BlackRock Chairman and CEO Larry Fink said he is very bullish on the markets over the next 12 months [3].

Fink's optimism comes as the world's largest asset manager navigates volatile sectors and shifts in digital asset exposure. His outlook suggests a belief that structural technological shifts will outweigh short-term economic headwinds.

Speaking during an interview on CNBC’s "Squawk on the Street" program, Fink said a coming technological revolution and advancements in artificial intelligence are key catalysts for market growth [1, 4]. He said these drivers, combined with the benefits of long-term investing, create a strong foundation for future returns [4].

"I'm very bullish on the markets over the next 12 months," Fink said [2].

Despite this broad optimism, some specific segments of BlackRock's portfolio have seen recent contractions. One BlackRock unit shed nearly 40% [5] of its crypto exposure. Additionally, the firm recorded a $37 million [5] non-cash pre-tax loss on its stake in Circle.

Fink said these specific losses did not dampen his general outlook on the global economy. He said he has never been more optimistic about the growth ahead [6].

Throughout the interview, Fink linked the current market trajectory to a broader shift in how productivity is generated.

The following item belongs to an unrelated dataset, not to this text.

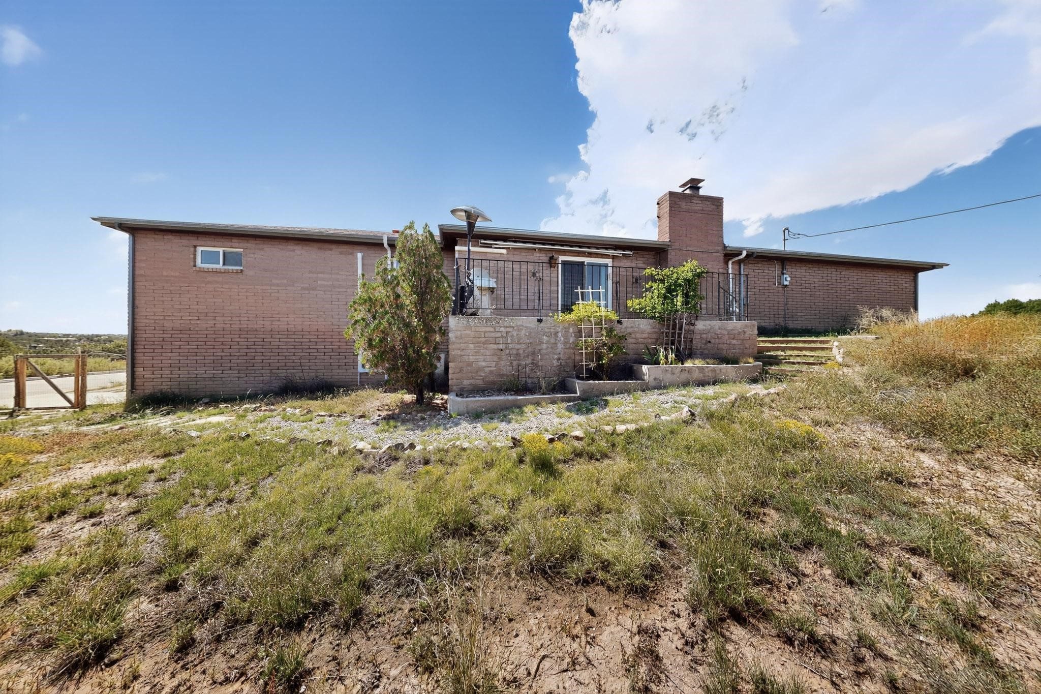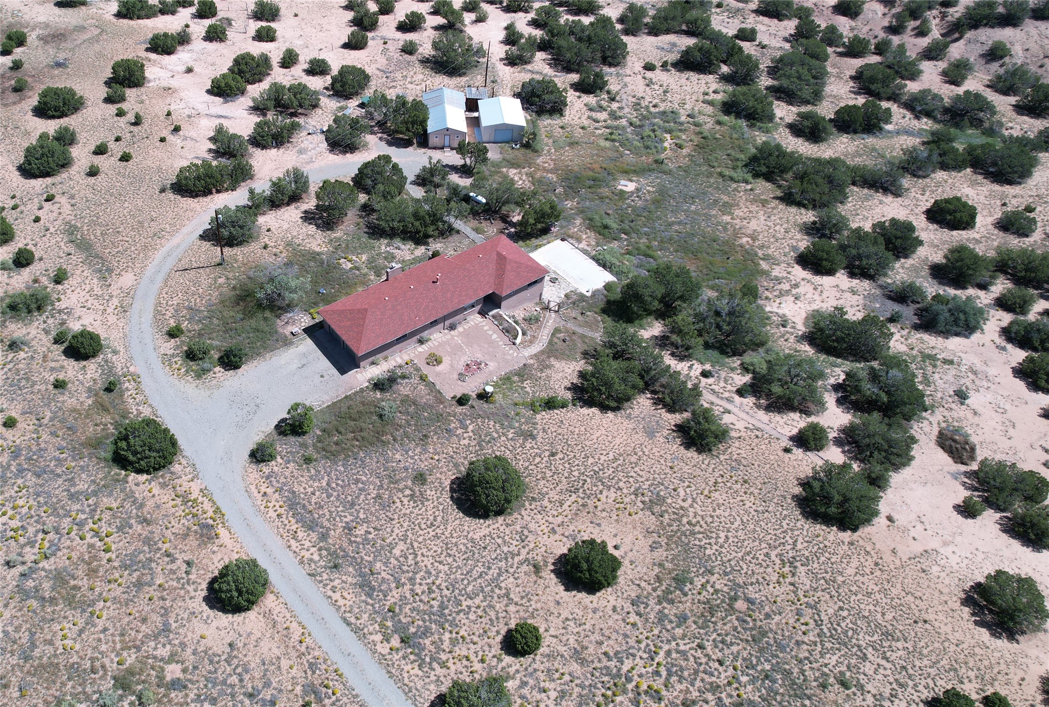 Experience the stunning high desert of Santa Fe in a solid home with a practical floor plan and plenty of elbow room. Enjoying easy access from State Road 14 but set back from the road for privacy and quiet, this property includes a separate shop and garage type outbuildings. 10 acres provides excellent space for expansion. The upper level contains three bedrooms and an attached, oversized two car garage. The lower level can be separated to serve as it's own apartment, with a bedroom, a bathroom a cooking area and a living area and it's own exterior entry. This home will serve superbly for a wide assortment of lifestyles.

He said AI is not merely a trend but a fundamental change in the technological landscape that will drive corporate earnings and market valuations over the coming year [1, 4].

"I'm very bullish on the markets over the next 12 months."

Fink's stance signals that BlackRock is prioritizing the long-term productivity gains of AI over the immediate volatility of the cryptocurrency market. By maintaining a bullish outlook despite specific losses in digital assets, the firm is signaling to institutional investors that the 'technological revolution' is a more reliable driver of value than speculative crypto trends.